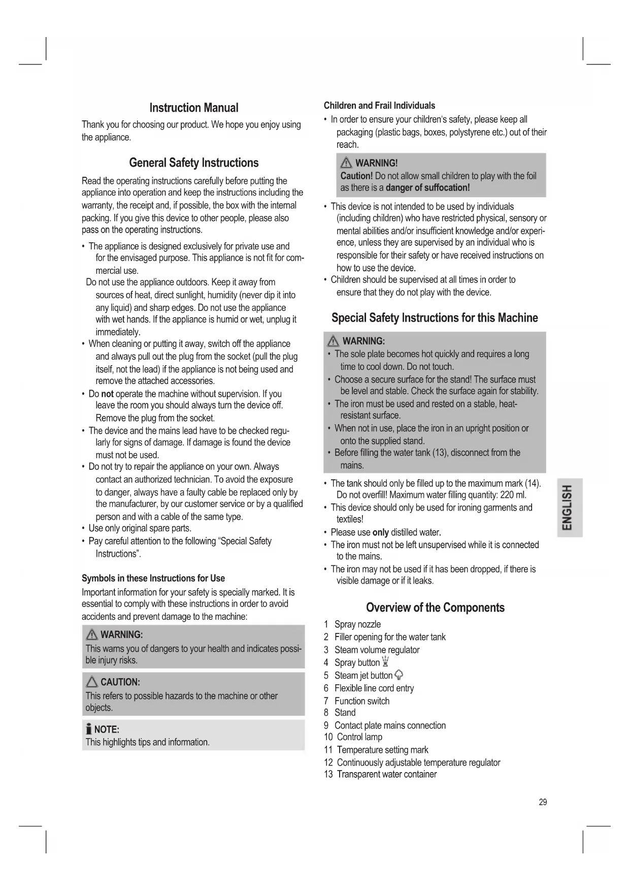 - The iron may not be used if it has been dropped, if there is visible damage or if it leaks. Overview of the Components 1 Spray nozzle 2 Filler opening for the water tank 3 Steam volume regulator 4 Spray button 5 Steam jet button 6 Flexible line cord entry 7 Function switch 8 Stand 9 Contact plate mains connection 10 Control lamp 11 Temperature setting mark 12 Continuously adjustable temperature regulator 13 Transparent water container30 14 MAX mark for water level 15 Ceramic sole plate Instructions Unpacking
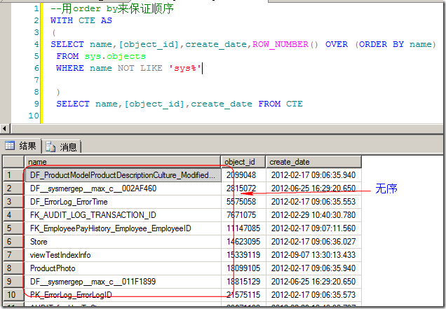 图7.虽然在CTE中中有序,但显式指定Order By,则不能保证结果的顺序
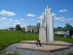 Памятник евреям, погибшим во время оккупации (у входа на еврейское кладбище) в Золочеве. Фото Бориса Мавлютова.
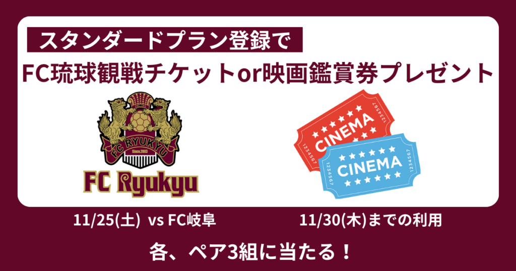 「FC琉球」の試合観戦チケット又は映画鑑賞券をそれぞれペア3組6名様にプレゼント!
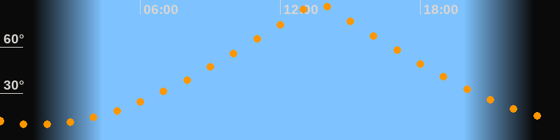| Höchster Stand (Kulmination) | 13:36 Uhr (h = 88,8°) |
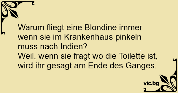 Warum fliegt eine Blondine immer wenn sie im Krankenhaus рinкеln muss nach Indien?
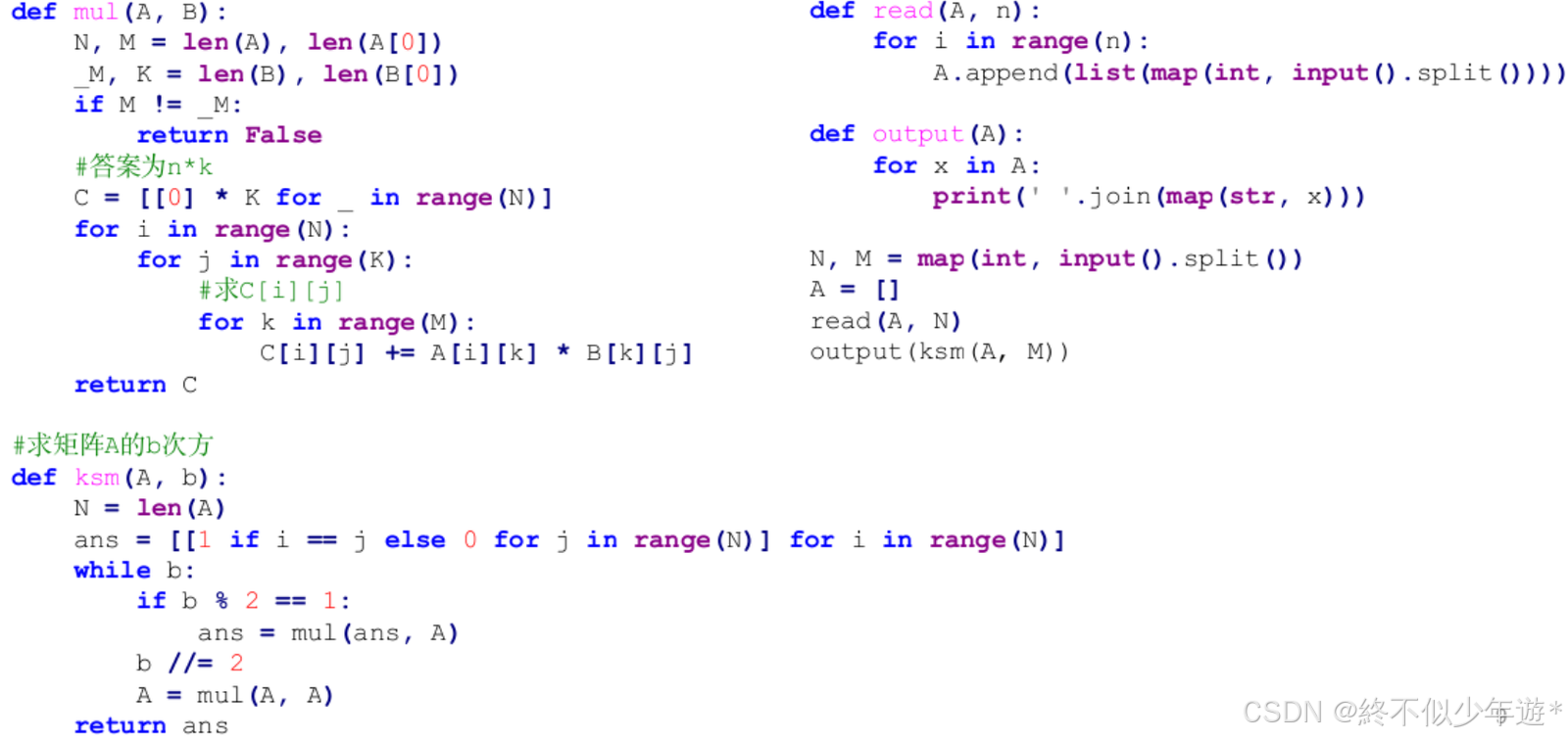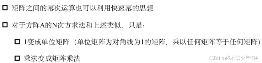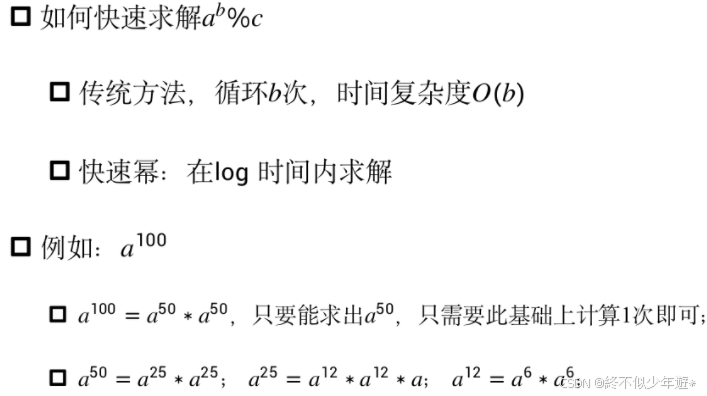 #a**100 = a**64 * a**32 * a**4是逻辑上的表现,实际代码执行时是根据指数b在非0时每除以一次2就对a倍增一次(%2=0时),或再*一个a(%2=1时);
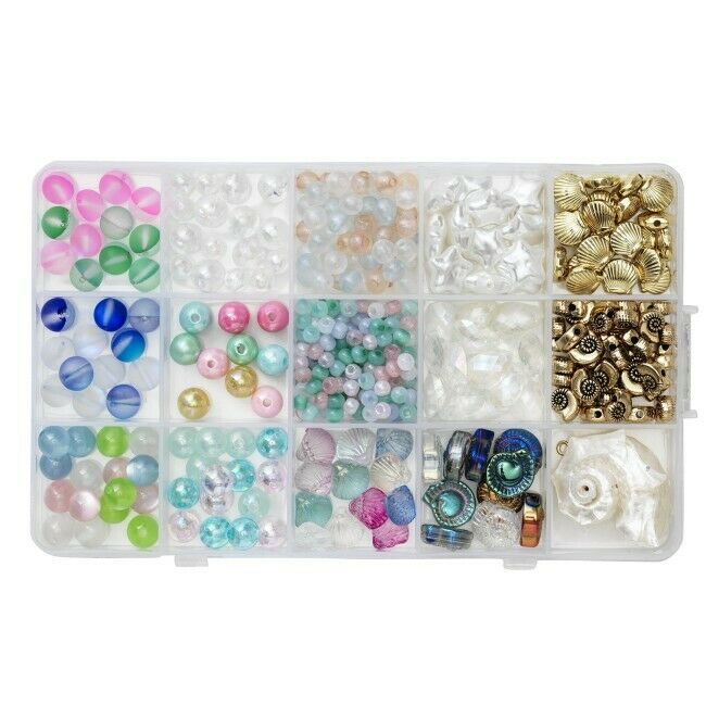 Helmisekoitus, jossa on villi ja kaunis valikoima merestä inspiroituneita helmiä! Suuria ja pieniä muovi-, metalli- ja lasihelmiä (Ø4-11 mm), kauniissa sinisen ja vihreän sävyissä sekä eri läpinäkyvyysasteissa. Lisäksi pieniä, kullanhohtoisia simpukkahelmiä, hieman suurempia, metallinhohtoisia simpukankuoria ja kauniita tähtiä, jotka muistuttavat makeanveden helmiä. Ja kruununa – suuri, aito ja kaunis simpukka, josta tulee riipus, joka todella nostaa korusi arvoa. Yhteensä 15 lokeroa, joissa on kauniita helmiä, jotka ovat jokaisen merenneidon toivelistalla! Kaikissa helmissä on 1 mm:n reikä.

#### [WHAT IS EXPECTED]
Where pictures appear, omit them, and transcribe exactly, with nothing else, the lines from the line with "图7.虽然在CTE中中有序,但显式指定Order By,则不能保证结果的顺序" through the final line of the records above, both ends included.

#### [EXERCISE SOLUTION]
 图7.虽然在CTE中中有序,但显式指定Order By,则不能保证结果的顺序
 Памятник евреям, погибшим во время оккупации (у входа на еврейское кладбище) в Золочеве. Фото Бориса Мавлютова.
 「FC琉球」の試合観戦チケット又は映画鑑賞券をそれぞれペア3組6名様にプレゼント!
| Höchster Stand (Kulmination) | 13:36 Uhr (h = 88,8°) |
 Warum fliegt eine Blondine immer wenn sie im Krankenhaus рinкеln muss nach Indien?
 #a**100 = a**64 * a**32 * a**4是逻辑上的表现,实际代码执行时是根据指数b在非0时每除以一次2就对a倍增一次(%2=0时),或再*一个a(%2=1时);
 Helmisekoitus, jossa on villi ja kaunis valikoima merestä inspiroituneita helmiä! Suuria ja pieniä muovi-, metalli- ja lasihelmiä (Ø4-11 mm), kauniissa sinisen ja vihreän sävyissä sekä eri läpinäkyvyysasteissa. Lisäksi pieniä, kullanhohtoisia simpukkahelmiä, hieman suurempia, metallinhohtoisia simpukankuoria ja kauniita tähtiä, jotka muistuttavat makeanveden helmiä. Ja kruununa – suuri, aito ja kaunis simpukka, josta tulee riipus, joka todella nostaa korusi arvoa. Yhteensä 15 lokeroa, joissa on kauniita helmiä, jotka ovat jokaisen merenneidon toivelistalla! Kaikissa helmissä on 1 mm:n reikä.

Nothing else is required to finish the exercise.